Conversation between Khar and Lily a few chrono-cycles earlier
Khar returned to his quarters on the station for a change of clothes, a quick shower, and every calorie sphere he owned. On the way, he placed an order to replace Lily’s torn uniform. In fact, he ordered several. They would be needed.
If the exhaustion caused by imprinting had not crushed him so completely, he doubted he could have stopped after a single round with Lily.
She had seemed satisfied, but the worry still gnawed at him. Under normal circumstances, he could have spent the entire night pleasing her without effort. The developmental phase, however, had overruled everything else.
Khar shook his head sharply. He could not allow doubt to bury him. He would show Lily that he was capable of far more.
Under ordinary conditions, the presence of a third phase would have troubled him. There was not supposed to be one. Now, he clearly was in it. Even so, he had no capacity left to dwell on the anomaly.
Every thought revolved around Lily. His own condition was secondary.
The Divani had abandoned the last institutional forms of religion centuries ago, choosing the supremacy of science instead.
Still, Khar had studied the belief systems of other species.
It was necessary when facing opponents whose lives were governed by imagined gods and rigid decrees.
Their psychology produced choices entirely unlike his own.
He pitied those who would rather end their lives than disappoint a so-called higher master.
And yet Khar had been illuminated.
He bathed in a new kind of devotion, one whose object was, unmistakably, Lily.
Everything had shifted. What once mattered had shrunk into something mundane and negligible. Even the smallest act done in Lily’s interest filled him with quiet satisfaction.
Khar was no uneducated brute. From birth, he had been exceptional, and the Divani colonies had given him the finest education available. Physical dominance alone was useless. Only a trained, calculating strategist could command others and survive.
And Khar had been observing Lily for a long time. If he was honest, since the very first moment he had seen her. Over time, it had become increasingly clear what she wanted. Not what she allowed herself to admit, but what she desired on a visceral level.
Khar had decided that he would become whatever she needed.
He wanted Lily. And becoming what she desired was not a sacrifice.
Above all, Lily wanted safety. Whether that need stemmed from being torn from her homeworld or had always been part of her, Khar ensured that he never abused her trust.

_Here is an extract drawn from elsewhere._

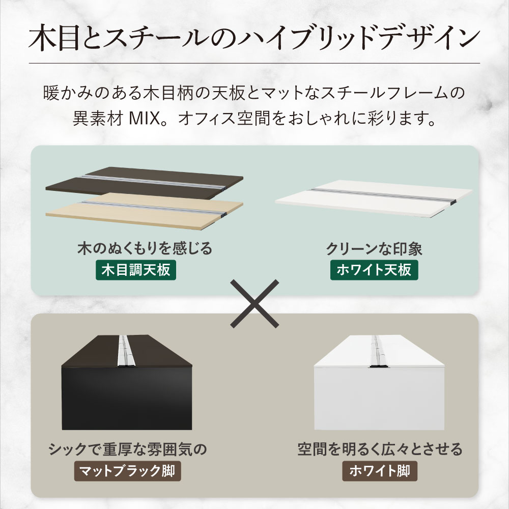| 高級感のある木製天板に直線的なスチールフレームがスタイリッシュなフリーアドレスデスクです。 充実した配線機能でケーブル類をすっきり収納可能。 アジャスター付きのパネル脚はガタツキを防ぎ安定感があります。 オプションの幕板を付ければ足元が気にならす快適です。 後から拡張可能な増連用パーツもございます。 |

She was also exceptionally intelligent, the kind of mind that demanded stimulation or quickly grew bored. That meant he needed to challenge her. He could not collapse at her feet too easily, or the tension between them would dissolve before any real foundation formed.
Her relationship with sex was conflicted.
Desire influenced many of her decisions, yet she hesitated to fully claim it.
Khar would gladly take on part of that control, setting the rhythm of their intimacy so Lily could surrender to pleasure without having to steer it herself.
She would resist those limits, of course.
That resistance was simply another source of excitement.
The most beautiful part of it all was this: if Khar’s understanding of Lily was correct, then not only was he perfect for her, but it was almost as if she had been shaped for him.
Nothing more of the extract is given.